───── DATA

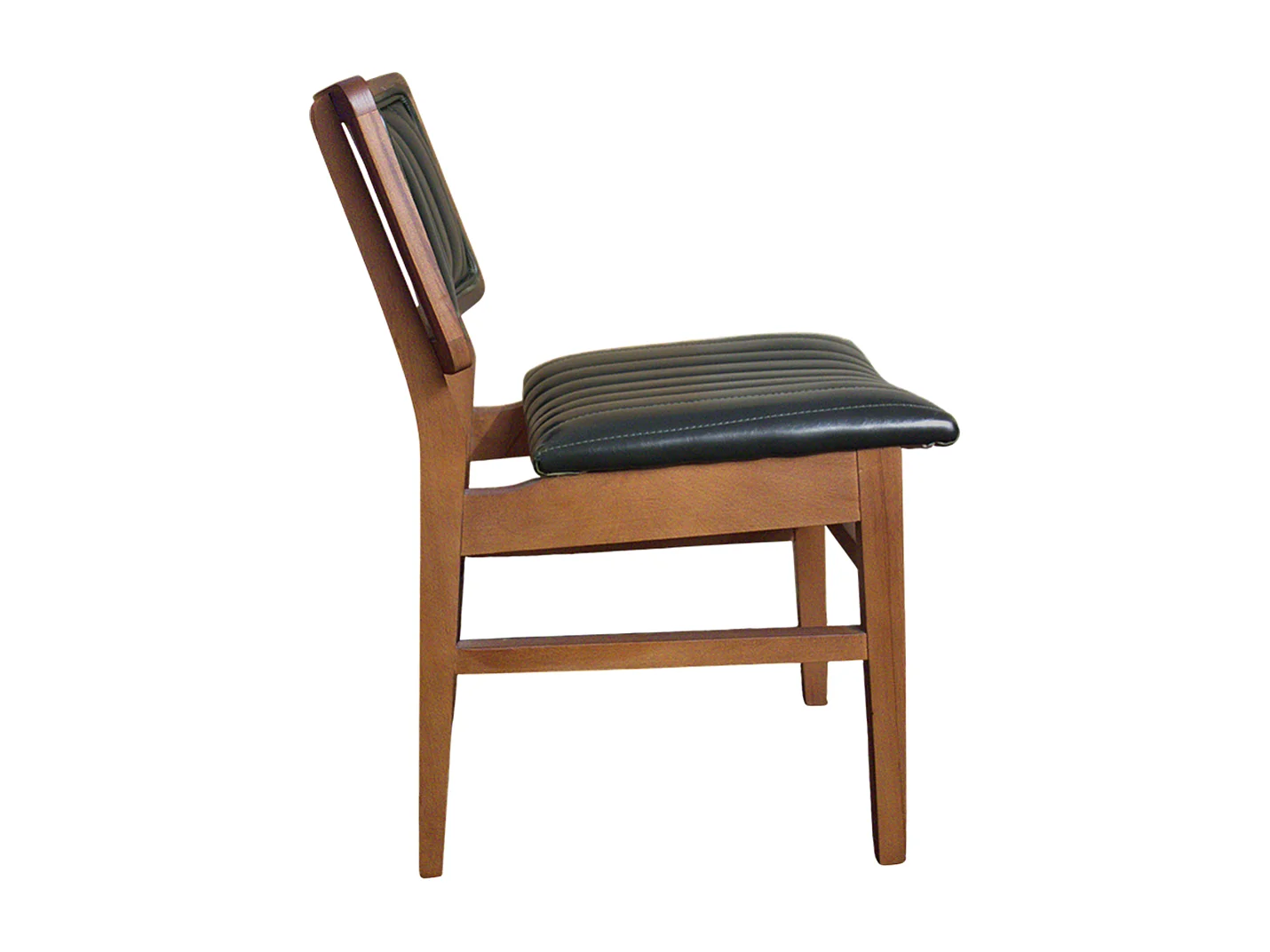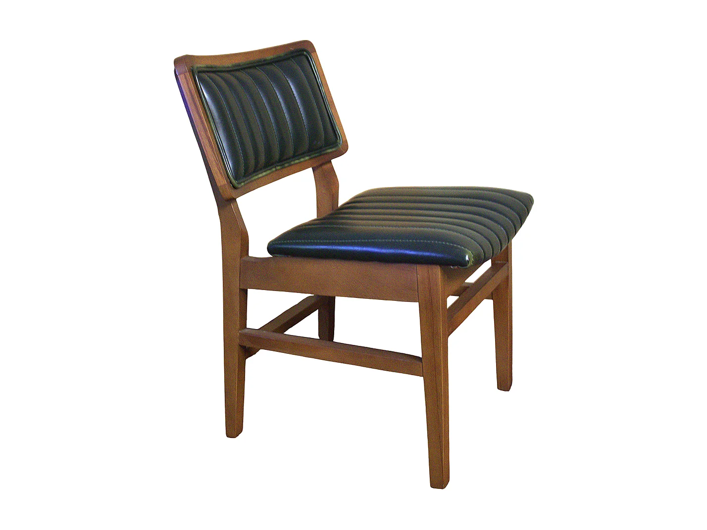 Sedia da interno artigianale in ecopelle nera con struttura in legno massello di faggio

──────────
───── DATA

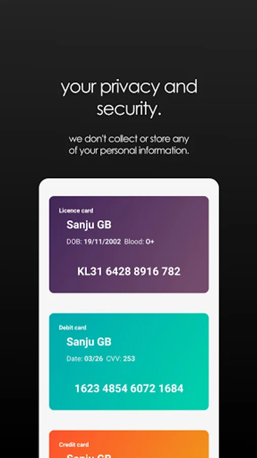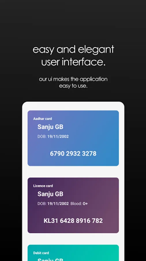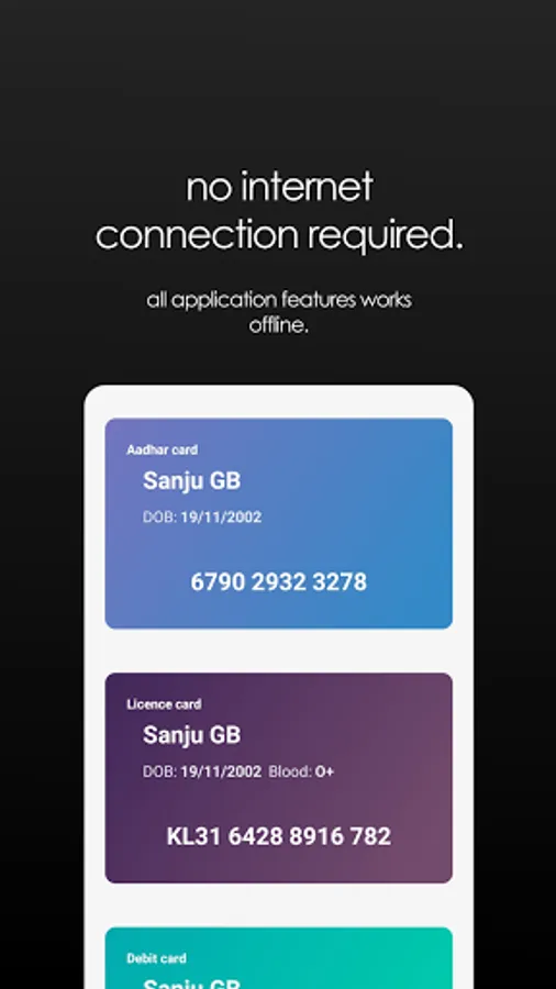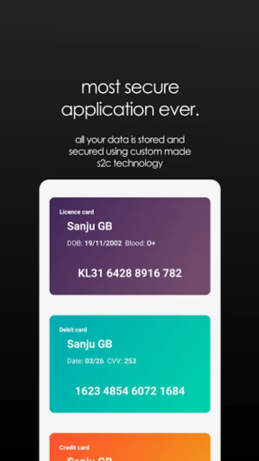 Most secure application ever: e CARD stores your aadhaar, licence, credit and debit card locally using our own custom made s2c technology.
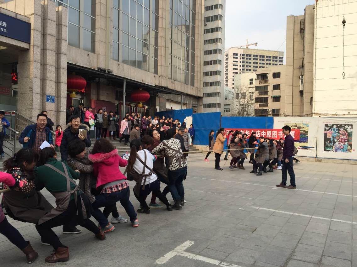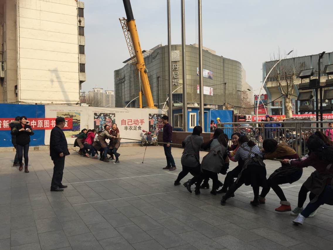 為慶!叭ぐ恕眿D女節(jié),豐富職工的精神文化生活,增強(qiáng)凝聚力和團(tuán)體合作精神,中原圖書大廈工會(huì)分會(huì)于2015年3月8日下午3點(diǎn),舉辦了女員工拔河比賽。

──────────

Range to copy from the listing above: the line with "Most secure application" through the line with "為慶!叭ぐ恕眿D女節(jié". Transcribe it exactly and skip the pictures.

 Most secure application ever: e CARD stores your aadhaar, licence, credit and debit card locally using our own custom made s2c technology.
 為慶!叭ぐ恕眿D女節(jié),豐富職工的精神文化生活,增強(qiáng)凝聚力和團(tuán)體合作精神,中原圖書大廈工會(huì)分會(huì)于2015年3月8日下午3點(diǎn),舉辦了女員工拔河比賽。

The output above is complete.